On Tuesday, The New York Times reported that Ford is now being subjected to death threats and has had to evacuate her home and request security for herself and her family. Women like Ford come forward not for any perceived advantage, but despite being aware that doing so is certainly against their best interests and safety.
Anywhere from 63 to 90 percent of sexual assaults go unreported, with survivors often citing fear of being blamed, intimidated by law enforcement, socially ostracized, and, of course, disbelieved as reasons for not reporting. If survivors choose to come forward at all, it's not uncommon for them to do so after years of private grappling, and as a result, the evidence they are capable of providing is often limited to their own testimony.
In light of the inherently gendered nature of credibility and who is more likely to receive trust and sympathy — as we're already seeing with the response to allegations against Kavanaugh — it should hardly be surprising that so few survivors come forward.

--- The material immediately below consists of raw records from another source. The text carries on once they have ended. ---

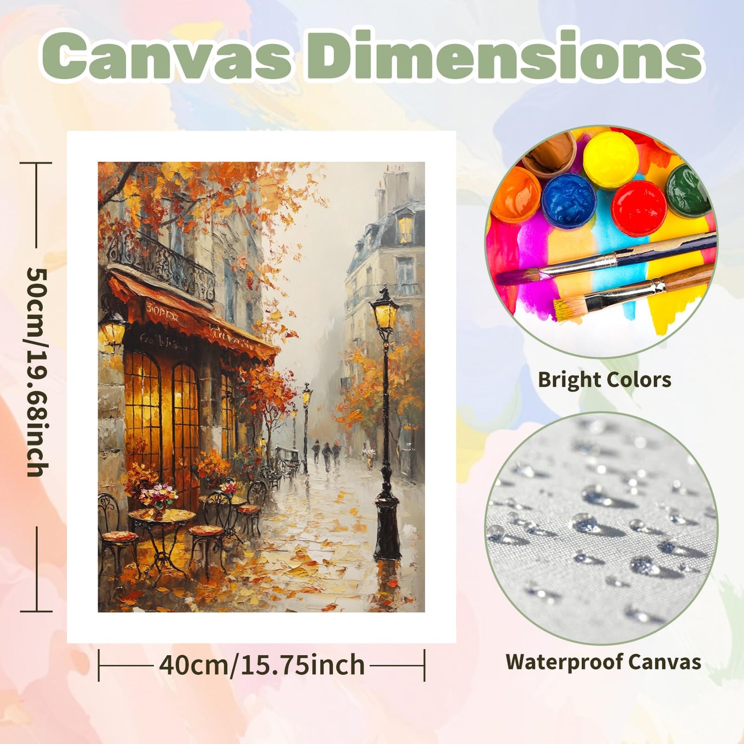 - 【High-quality materials】Our Street Cafe Painting by Number kit uses high-quality acrylic paint to ensure bright and long-lasting colors that are not easy to fade. These durable materials allow your finished works to maintain their beauty and details, becoming precious works that you will treasure for many years and proudly display.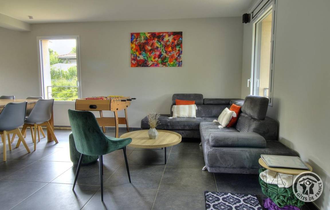 „Le gîte de l'amandier est un gîte très fonctionnel. Il est très propre, l'intérieur est moderne et très bien agencé. Il dispose d'une très belle terrasse couverte. La pièce de vie est spacieuse et lumineuse et la cuisine très fonctionnelle. Une salle de bain moderne, très propre et avec des toilettes pour chacune des chambres de 5, c'est très appréciable. Le seul petit bémol serait sur les lits (d'où le 4/5), surtout pour les couples (deux lits de 80cm mais des petites couettes séparées qui ne bordent pas assez) . Les propriétaires sont accueillants et discrets mais restent très disponibles à la demande. Le propriétaire, producteur de vin, met des bouteilles à disposition dans une cave à vin, ce qui est très sympa pour goûter son vin. Nous avons passé un très bon séjour à 14 dans ce gîte.“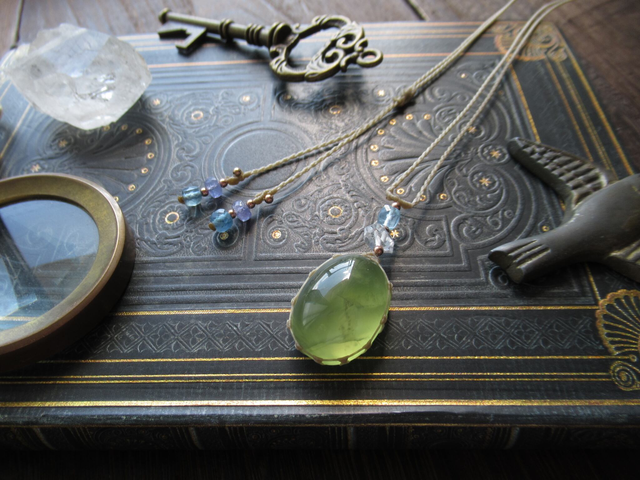 アフリカ産プレナイトとハーキマー×宝石質アクアマリンのペンダント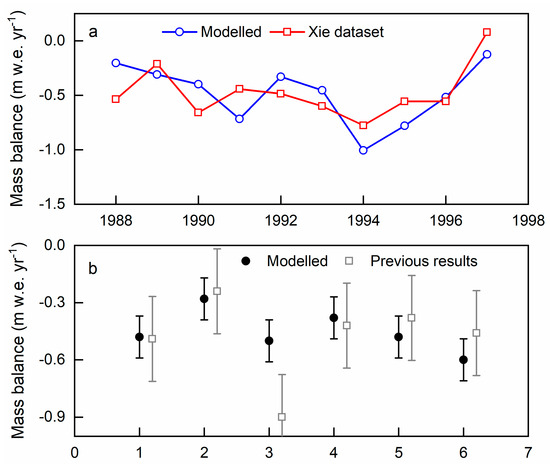 Comparison of time series of modeled mass balance and previous estimates of Xie et al. (2001) [51] (termed Xie dataset) for the period 1988–1997 (a) and mean modeled mass balances and previously estimated values over different periods (b). Error bar in (b) indicates standard error. The number order of 1–6 in (b) denotes the results from Xie et al. (2001) [51], Li et al. (2009) [54], Zhang et al. (2015) [55], Zhang et al. (2012) [41], Li et al. (2010) [54], and Cao et al. (2019) [56], respectively.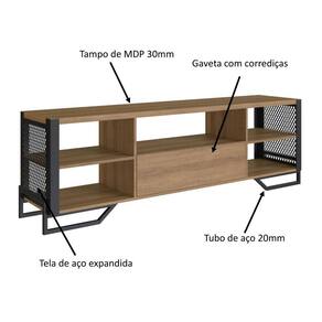 Rack Industrial telado com acabamento profissional é o móvel que falta para deixar seu espaço ainda mais bonito. Suporta televisões de até 60 polegadas, com duas portas vazadas em metal, uma ampla gaveta e prateleiras para guardar suas decorações, jogos ou livros.

When we treat accused men as if they're the ones being victimized and oppressed, we create a false equivalence between holding male abusers accountable and the traumatic experience of being subjected to sexual assault. We suggest that these two entirely different experiences are somehow comparable; that the act of assaulting someone and the act of coming forward are somehow both oppressive behaviors. And even more dangerously, we suggest that sexual assault is something women lie about to victimize men. The appropriation of victimhood by men accused of sexual assault is dangerous in any space — and certainly in Congress, as senators prepare to make a decision that could alter the future of the country.